> [Problem requirements]
Among the entries below, which lines run from the line with "Something about realtime" through the line with "AD), in the"? Retype those, both ends included, exactly and without pictures.
─── Information supplied ───
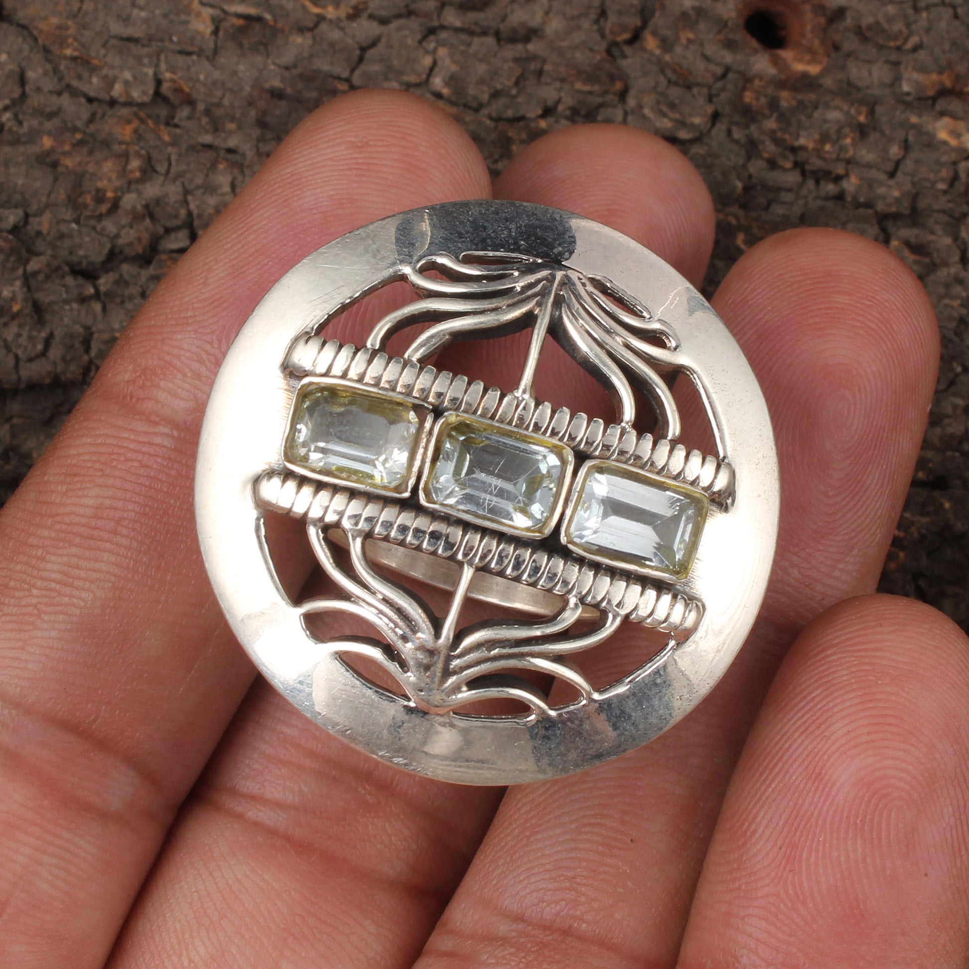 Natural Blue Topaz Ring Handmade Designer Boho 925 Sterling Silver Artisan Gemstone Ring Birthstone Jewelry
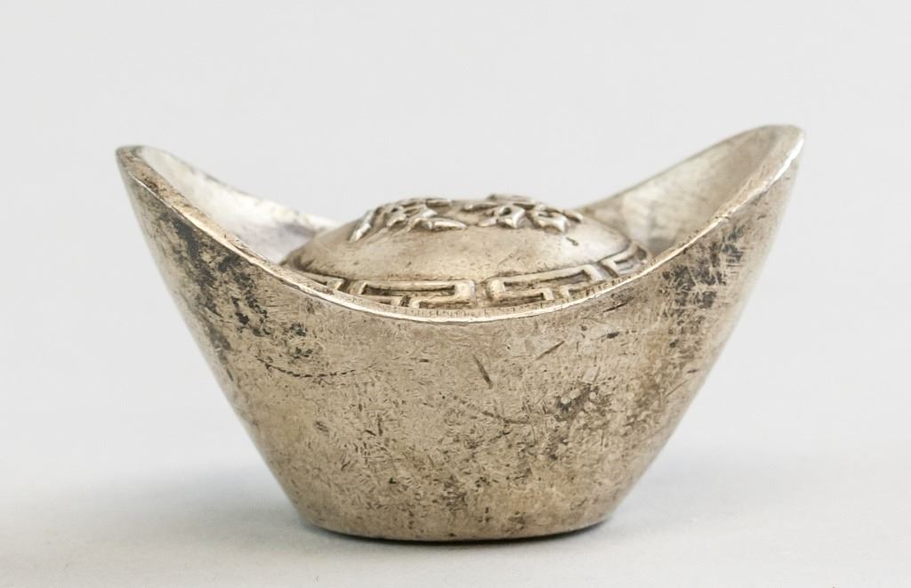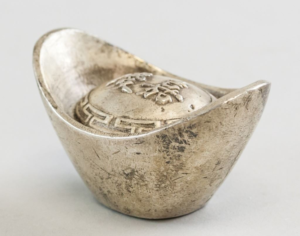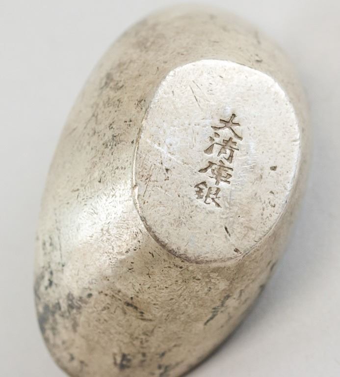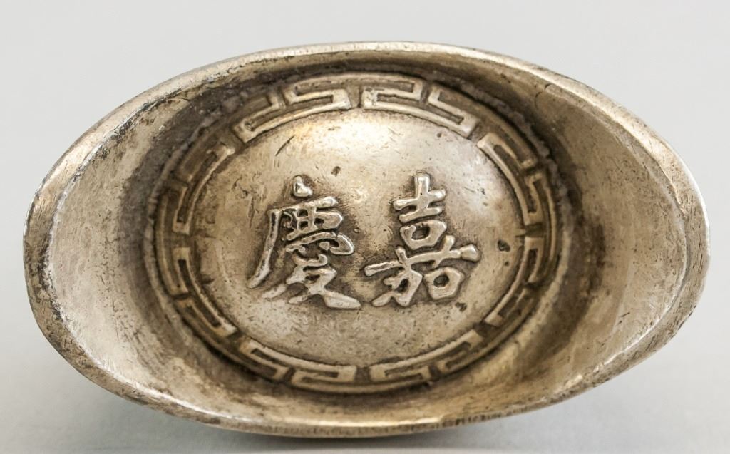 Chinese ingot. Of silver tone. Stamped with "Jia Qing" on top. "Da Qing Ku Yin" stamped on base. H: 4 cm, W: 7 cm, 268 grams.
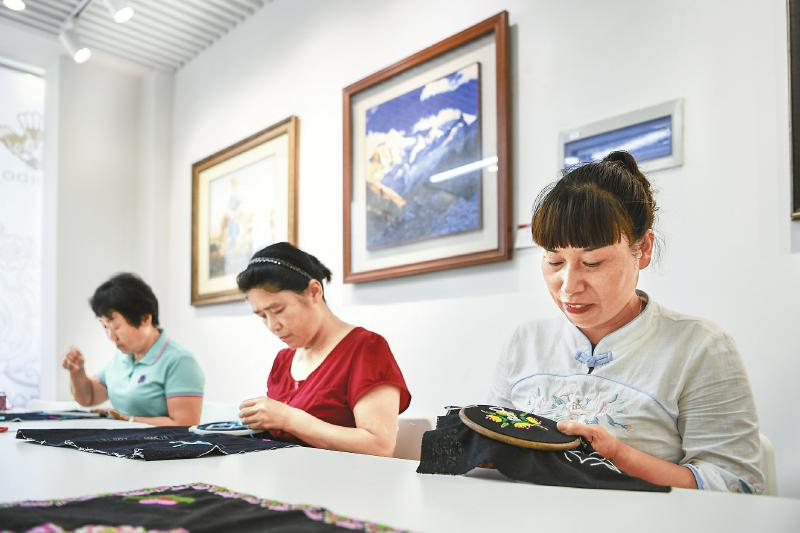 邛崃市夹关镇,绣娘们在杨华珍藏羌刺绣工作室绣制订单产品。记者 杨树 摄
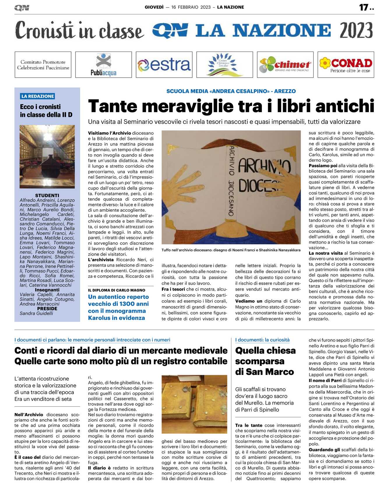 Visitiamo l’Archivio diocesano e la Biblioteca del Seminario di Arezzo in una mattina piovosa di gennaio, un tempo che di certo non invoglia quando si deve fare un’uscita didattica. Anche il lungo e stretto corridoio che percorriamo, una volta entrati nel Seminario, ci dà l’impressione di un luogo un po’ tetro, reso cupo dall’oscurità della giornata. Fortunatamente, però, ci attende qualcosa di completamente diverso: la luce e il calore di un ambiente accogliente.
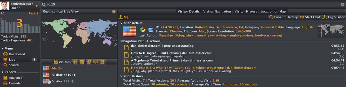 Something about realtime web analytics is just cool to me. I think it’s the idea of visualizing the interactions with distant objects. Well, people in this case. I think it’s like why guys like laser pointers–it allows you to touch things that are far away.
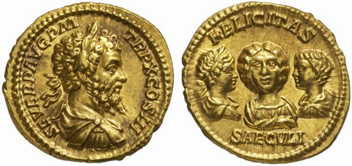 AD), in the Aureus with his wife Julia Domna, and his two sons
───
─── Information supplied ───
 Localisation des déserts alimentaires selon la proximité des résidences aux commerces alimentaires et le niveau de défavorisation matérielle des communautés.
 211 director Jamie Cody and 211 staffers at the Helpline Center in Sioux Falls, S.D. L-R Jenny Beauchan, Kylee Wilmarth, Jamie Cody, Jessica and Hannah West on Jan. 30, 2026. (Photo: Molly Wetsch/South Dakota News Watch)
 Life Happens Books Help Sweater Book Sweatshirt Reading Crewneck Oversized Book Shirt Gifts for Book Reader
───
> [Written response]
 Something about realtime web analytics is just cool to me. I think it’s the idea of visualizing the interactions with distant objects. Well, people in this case. I think it’s like why guys like laser pointers–it allows you to touch things that are far away.
 AD), in the Aureus with his wife Julia Domna, and his two sons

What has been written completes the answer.